Neither of those alternatives sounded that good to me. I wanted my soul and brain to stay in the same shape they already were in. That meant I had to finish up my business here in the Madlands—the business of killing Identrope—and get out before any more exposure to the zone left me scrambled as Cuisinart contents.
How much time that left me exactly, to do my job, I didn’t know. From what I’d observed, the onset and progress of n-formation and the resulting multi-cancer varied from individual to individual. In some, it poked along for years, and all their friends got to watch and comment on their slow devolution. In others, it went on a much steeper ramp, hitting the takeoff slope of a geometrical progression almost overnight. Look at Eddie the Make: one day human, the next he looked like a rubber novelty item.
The strict dictates of intelligence, of survival smarts, told me that I should just bag the whole notion of killing Identrope, and get the hell out of the Madlands before I went irreversibly down n-formation’s cellular anarchy route.
What good was collecting a slice of the New Moon Corporation’s gross revenues if I didn’t have a spine or hands to do fun things with the money? I’d have to hire a couple of guys to carry me around in a plastic bucket. They could take me to the movies and drop popcorn into whatever I’d be using for a mouth. That sounded keen.
No, something beyond mere greed was keeping me from just piling a suitcase of my underwear and socks into the Hudson, and lighting out for the re
al world with my skin and other organs intact. Something nearly as powerful, maybe more so.
Call it nostalgia. Of the preemptive sort. The homesickness that hits you before you leave.
This was my home. Turf, territory, stomping grounds. Thin as cardboard, water-soluble, not even real in the first place, and nobody pretended it was. An imitation of an imitation. A photograph of a mirage. The real, long-ago L.A. had been a place whose every street name had been written in the water, and the water itself had to be pumped in from someplace else, someplace real even in its dehydrated death. When the water stopped and the wars started, and after that the sand blew over the asphalt and concrete . . . then the only thing left had been the images, locked down tight in the archives. And in people’s heads, those dreams that came spiraling up from wordless memory.
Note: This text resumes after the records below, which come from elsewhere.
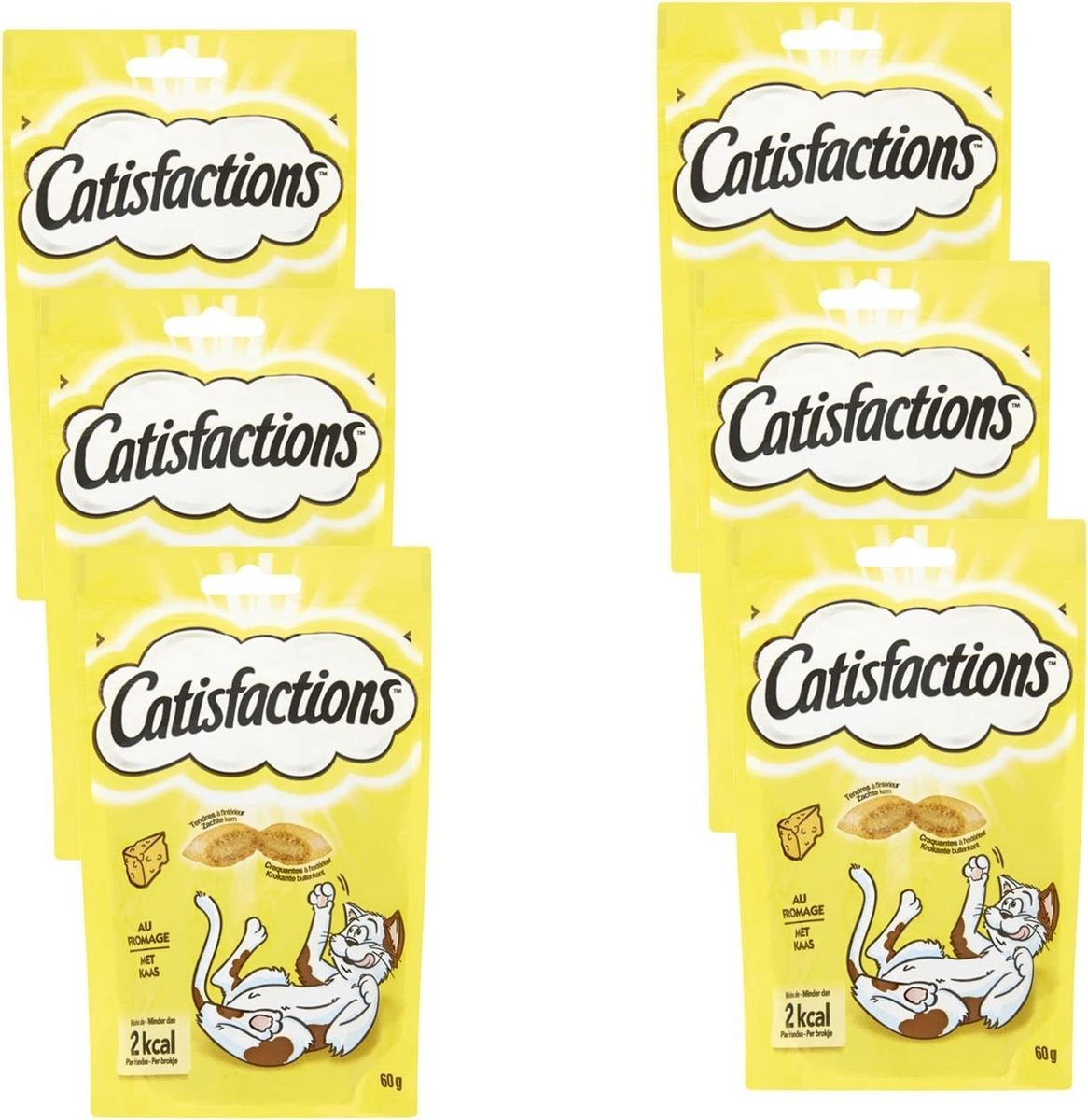 Deze verpakking bevat 6 zakjes Catisfactions kaas à 60 gram.
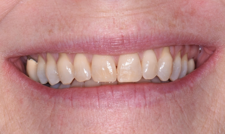 Kathleen came to us concerned about the wear and staining on her front teeth from years of grinding and old fillings chipping. She wanted to makeover her smile and we did just that! With a combination of conservative veneers and crowns, Kathleen is thrilled with the result!
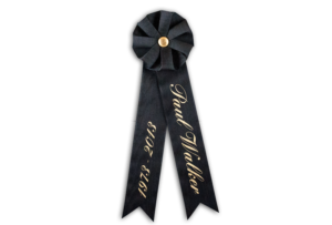 Ein Flot bietet viele Gestaltungsmöglichkeiten. Spielen Sie mit den Farben von Rosette, Knopf, Bänder & Text.
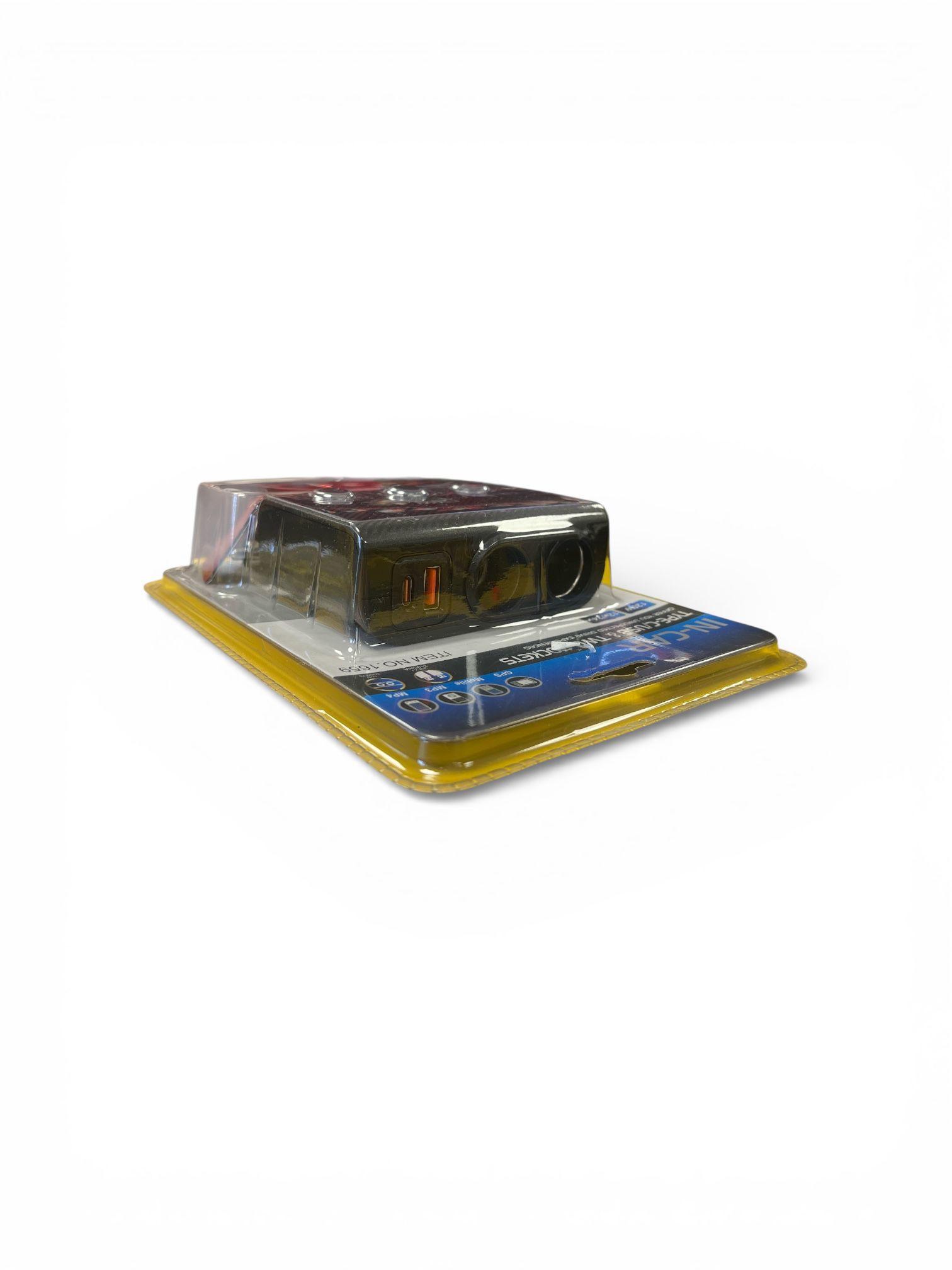 Praktisks auto strāvas sadalītājs, kas ļauj vienlaicīgi pieslēgt vairākas ierīces un tās ātri uzlādēt braukšanas laikā.

It just showed that dreams and images were realer than anything else.
So that when reality got loose, and the Madlands’ crazy field needed something to pattern itself on . . . then all those false-front buildings and ready-made lives popped right back up, as though they had been mounted on springs buried in the sand. And this silly-ass pseudo-L.A. could roll right into production again, as real as the real thing had ever gotten.
I’d been making my way through this irreal urban landscape for years now. I’d hate to leave it.
If nothing else, it seemed shabby to pack up and depart without finally hitting the big number on the board. I owed the place that much, to go off a winner.
Plus, I wanted the money. The real world outside wasn’t known for its sympathy toward busted types.
That pretty much settled it. Whatever amount of time the n-formation gave me—if that’s what it was; I wasn’t even sure on that point—I’d use it on nailing Identrope. If I became a rubber squid in the process, those were the breaks.
I pulled on my jacket and headed out the front door. Night outside, and that suited me fine.